* Exercise details
Lines with the word "Dress" are the answer; copy each of them from the data below.

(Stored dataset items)

-.-.-

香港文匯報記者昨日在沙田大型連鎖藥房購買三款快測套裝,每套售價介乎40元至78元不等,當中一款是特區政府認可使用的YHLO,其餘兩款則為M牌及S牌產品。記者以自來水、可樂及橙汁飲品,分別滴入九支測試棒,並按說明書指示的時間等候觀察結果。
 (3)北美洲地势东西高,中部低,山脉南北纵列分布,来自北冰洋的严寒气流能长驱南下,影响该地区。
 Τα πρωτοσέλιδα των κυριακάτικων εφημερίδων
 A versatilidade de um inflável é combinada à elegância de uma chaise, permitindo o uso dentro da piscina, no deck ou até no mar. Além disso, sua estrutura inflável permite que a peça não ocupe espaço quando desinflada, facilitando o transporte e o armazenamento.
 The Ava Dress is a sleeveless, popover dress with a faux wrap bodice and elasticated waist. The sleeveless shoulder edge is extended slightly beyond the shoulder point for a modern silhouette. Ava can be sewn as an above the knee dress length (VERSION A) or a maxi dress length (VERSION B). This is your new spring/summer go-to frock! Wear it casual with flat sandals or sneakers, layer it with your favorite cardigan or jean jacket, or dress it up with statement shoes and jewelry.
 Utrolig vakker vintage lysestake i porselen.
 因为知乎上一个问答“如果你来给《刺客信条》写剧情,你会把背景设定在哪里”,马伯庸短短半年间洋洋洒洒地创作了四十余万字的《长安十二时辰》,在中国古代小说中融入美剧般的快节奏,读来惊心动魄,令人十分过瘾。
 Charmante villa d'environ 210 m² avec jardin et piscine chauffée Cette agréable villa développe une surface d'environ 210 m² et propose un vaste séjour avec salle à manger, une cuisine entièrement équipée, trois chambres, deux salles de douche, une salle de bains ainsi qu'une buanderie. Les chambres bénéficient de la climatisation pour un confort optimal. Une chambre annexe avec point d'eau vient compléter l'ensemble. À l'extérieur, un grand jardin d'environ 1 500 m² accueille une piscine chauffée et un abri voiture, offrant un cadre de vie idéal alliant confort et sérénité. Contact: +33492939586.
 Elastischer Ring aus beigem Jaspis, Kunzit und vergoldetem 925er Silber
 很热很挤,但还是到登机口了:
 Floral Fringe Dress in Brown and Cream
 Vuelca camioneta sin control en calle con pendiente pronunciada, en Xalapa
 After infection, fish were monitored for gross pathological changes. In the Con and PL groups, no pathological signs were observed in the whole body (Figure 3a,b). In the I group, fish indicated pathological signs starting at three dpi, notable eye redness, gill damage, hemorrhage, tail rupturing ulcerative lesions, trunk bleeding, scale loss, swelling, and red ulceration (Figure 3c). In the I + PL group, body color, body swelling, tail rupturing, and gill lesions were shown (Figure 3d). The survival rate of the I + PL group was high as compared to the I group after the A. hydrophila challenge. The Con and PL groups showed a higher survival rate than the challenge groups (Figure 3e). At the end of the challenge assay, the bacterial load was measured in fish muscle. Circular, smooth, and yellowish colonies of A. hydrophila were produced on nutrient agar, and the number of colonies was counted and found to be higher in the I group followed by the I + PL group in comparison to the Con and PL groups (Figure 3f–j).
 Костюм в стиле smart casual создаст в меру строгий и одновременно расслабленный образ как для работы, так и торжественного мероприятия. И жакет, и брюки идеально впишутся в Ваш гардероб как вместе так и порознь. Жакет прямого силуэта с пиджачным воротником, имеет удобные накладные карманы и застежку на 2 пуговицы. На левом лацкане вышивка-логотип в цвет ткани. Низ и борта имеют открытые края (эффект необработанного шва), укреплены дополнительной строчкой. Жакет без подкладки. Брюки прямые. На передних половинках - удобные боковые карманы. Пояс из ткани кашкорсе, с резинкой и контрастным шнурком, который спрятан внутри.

-.-.-

* Exercise result
 The Ava Dress is a sleeveless, popover dress with a faux wrap bodice and elasticated waist. The sleeveless shoulder edge is extended slightly beyond the shoulder point for a modern silhouette. Ava can be sewn as an above the knee dress length (VERSION A) or a maxi dress length (VERSION B). This is your new spring/summer go-to frock! Wear it casual with flat sandals or sneakers, layer it with your favorite cardigan or jean jacket, or dress it up with statement shoes and jewelry.
 Floral Fringe Dress in Brown and Cream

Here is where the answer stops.